DIRECTIONS. Extract every entry word for word. Skip the pictures.

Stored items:
_ _ _

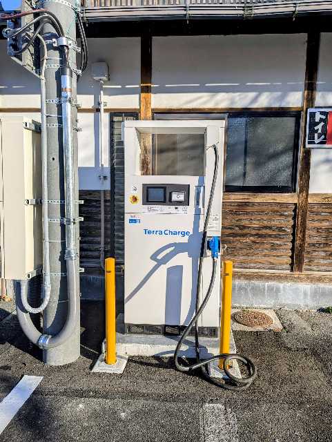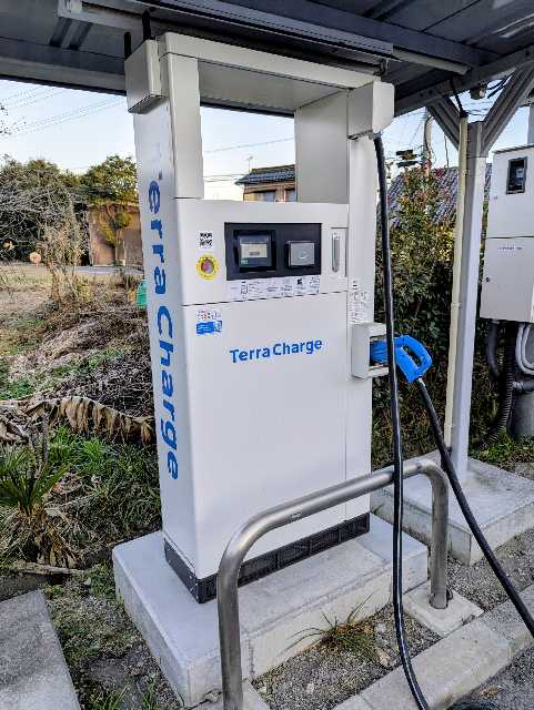 TerraCharge認証新電元工業(株)50kW充電器です。TerraChargeのアプリ登録で充電します。道の駅駐車場入って(裏から)右手に設置されてます。
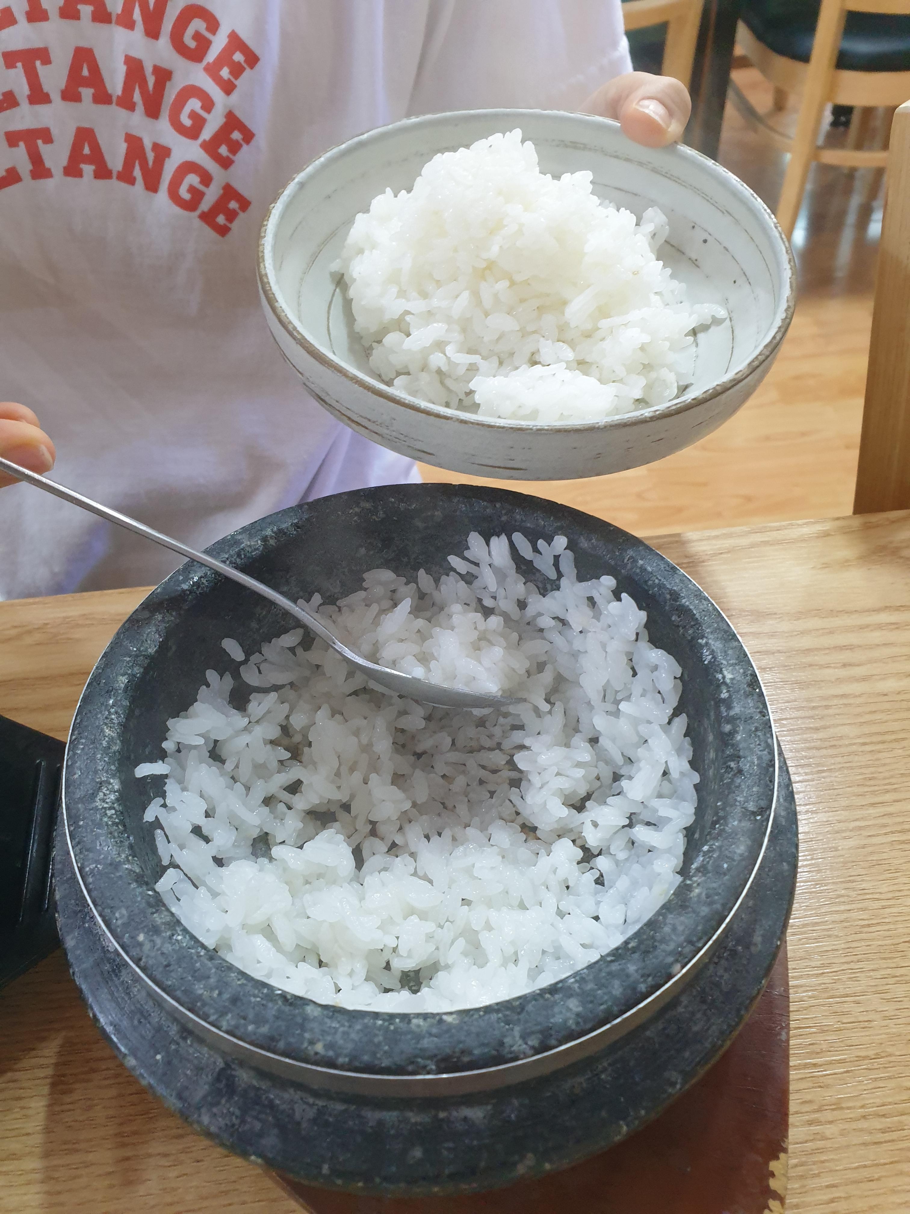 앞서 설명드린 것처럼 추어탕 메뉴를 주문하면 이렇게 돌솥밥이 함께 나옵니다.
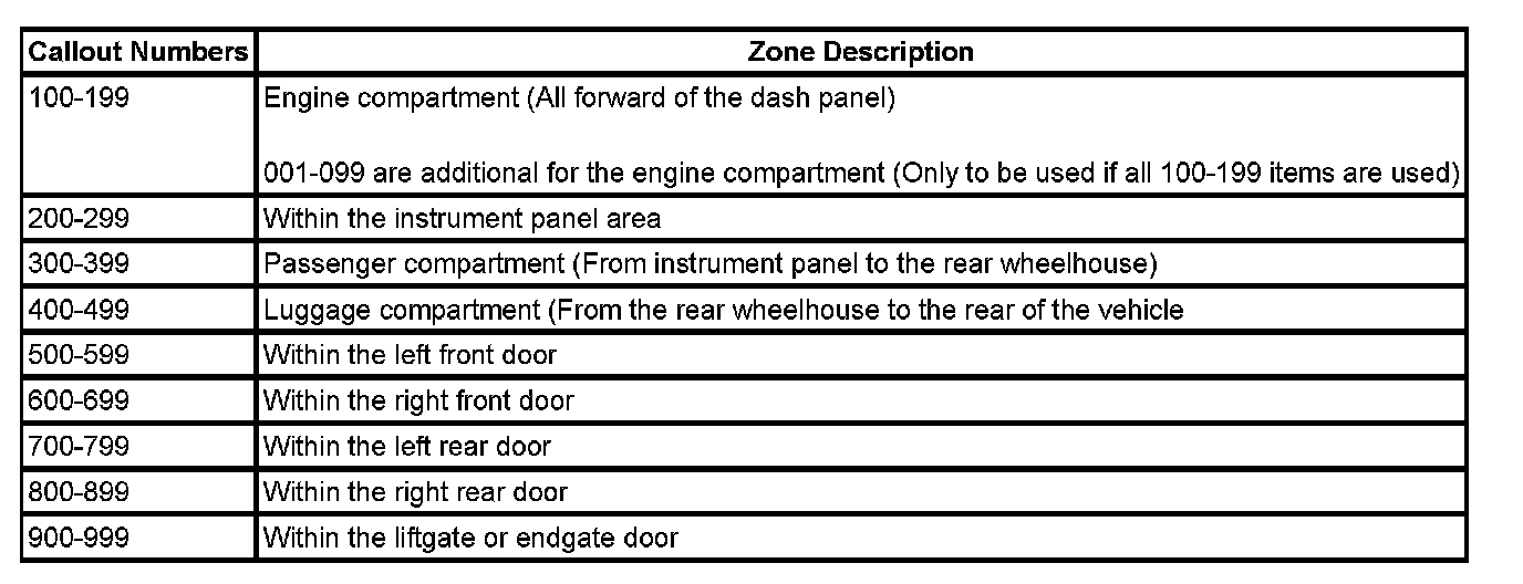 All grounds, in-line connectors, pass-through grommets, and splices have identifying numbers that correspond to where they are located in the vehicle. The following table explains the numbering system.
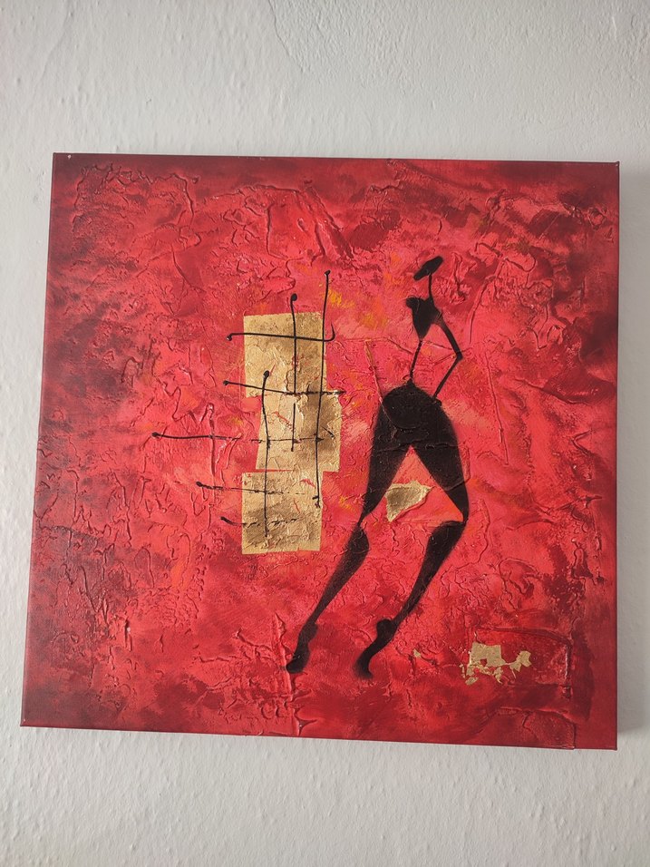 Koyu kırmızı zemin üzerinde siyah soyut insan figürlerinin yer aldığı, dokulu ve altın detaylı tablo. *İthal yağlı boya *Tablo temizliğinde kuru bez kullanınız.
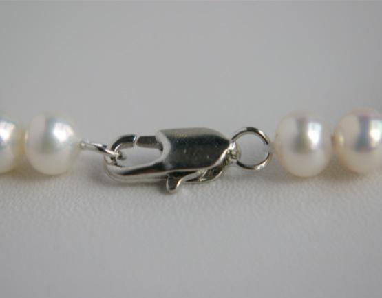 小粒パールネックレスのノット無し加工の場合、こちらの小さめの金具になります(銀色メッキ)。約5mm×長さ15.5mm前後
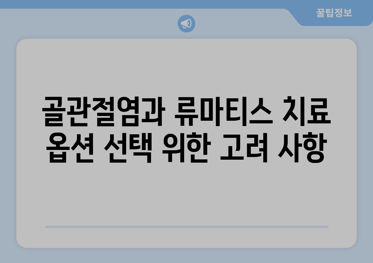 | 골관절염과 류마티스 치료 옵션 선택 위한 고려 사항 |
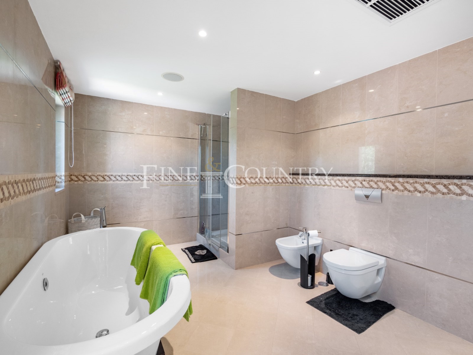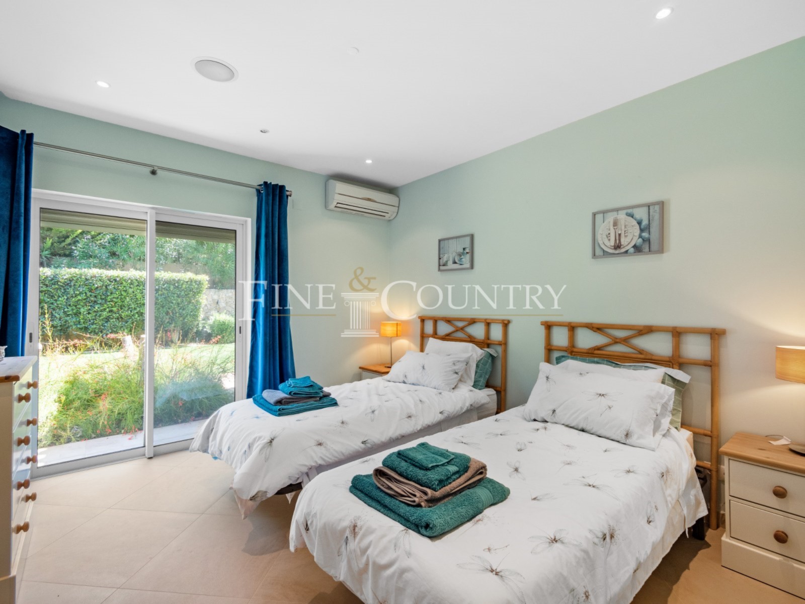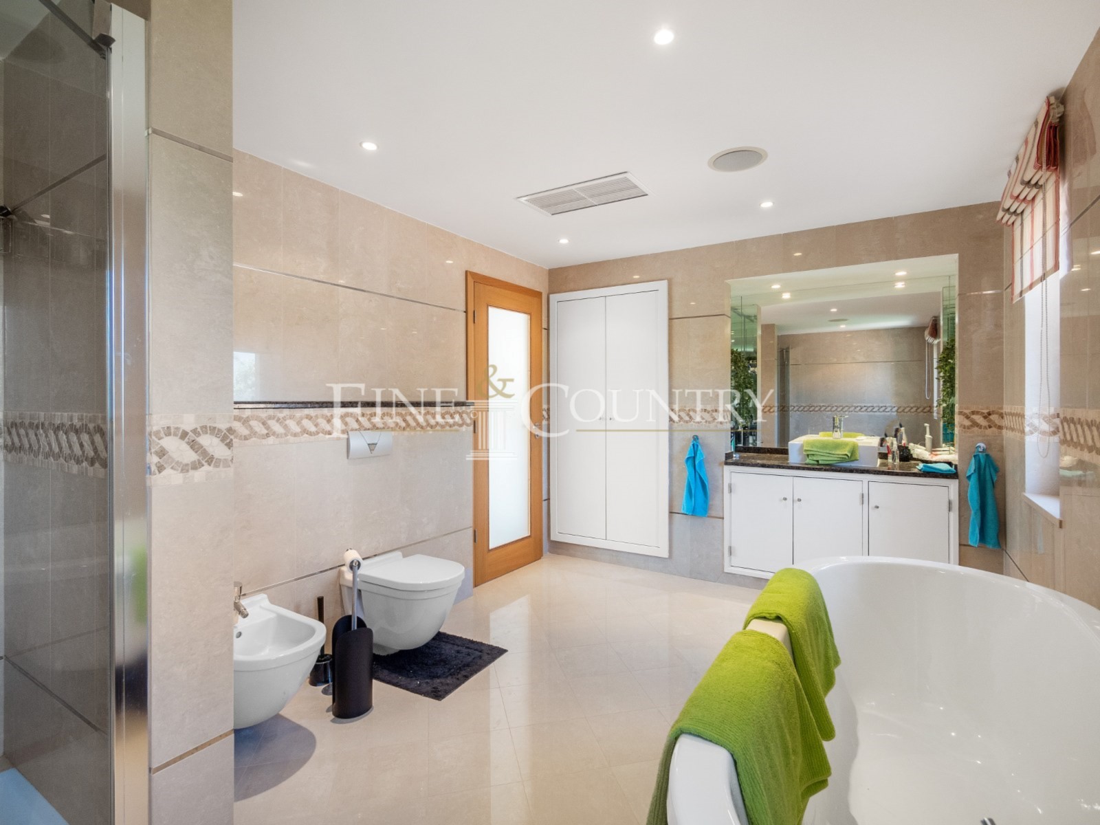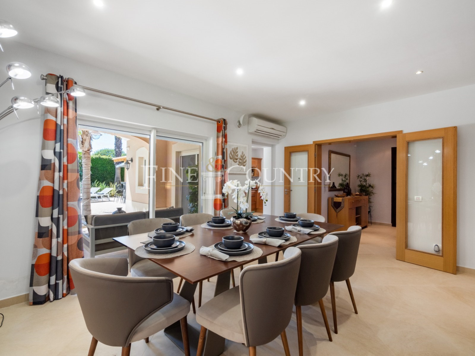 This spacious 4-bedroom villa with 260m2 with mature gardens on a plot of 1292m2, pebble pool and garage, high standard with electric shutters, electric underfloor heating, natural stone floors, sound system and great outdoor private spaces with mature gardens and much more.

_ _ _

OUTPUT OF THE TASK.
 TerraCharge認証新電元工業(株)50kW充電器です。TerraChargeのアプリ登録で充電します。道の駅駐車場入って(裏から)右手に設置されてます。
 앞서 설명드린 것처럼 추어탕 메뉴를 주문하면 이렇게 돌솥밥이 함께 나옵니다.
 All grounds, in-line connectors, pass-through grommets, and splices have identifying numbers that correspond to where they are located in the vehicle. The following table explains the numbering system.
 Koyu kırmızı zemin üzerinde siyah soyut insan figürlerinin yer aldığı, dokulu ve altın detaylı tablo. *İthal yağlı boya *Tablo temizliğinde kuru bez kullanınız.
 小粒パールネックレスのノット無し加工の場合、こちらの小さめの金具になります(銀色メッキ)。約5mm×長さ15.5mm前後
 | 골관절염과 류마티스 치료 옵션 선택 위한 고려 사항 |
 This spacious 4-bedroom villa with 260m2 with mature gardens on a plot of 1292m2, pebble pool and garage, high standard with electric shutters, electric underfloor heating, natural stone floors, sound system and great outdoor private spaces with mature gardens and much more.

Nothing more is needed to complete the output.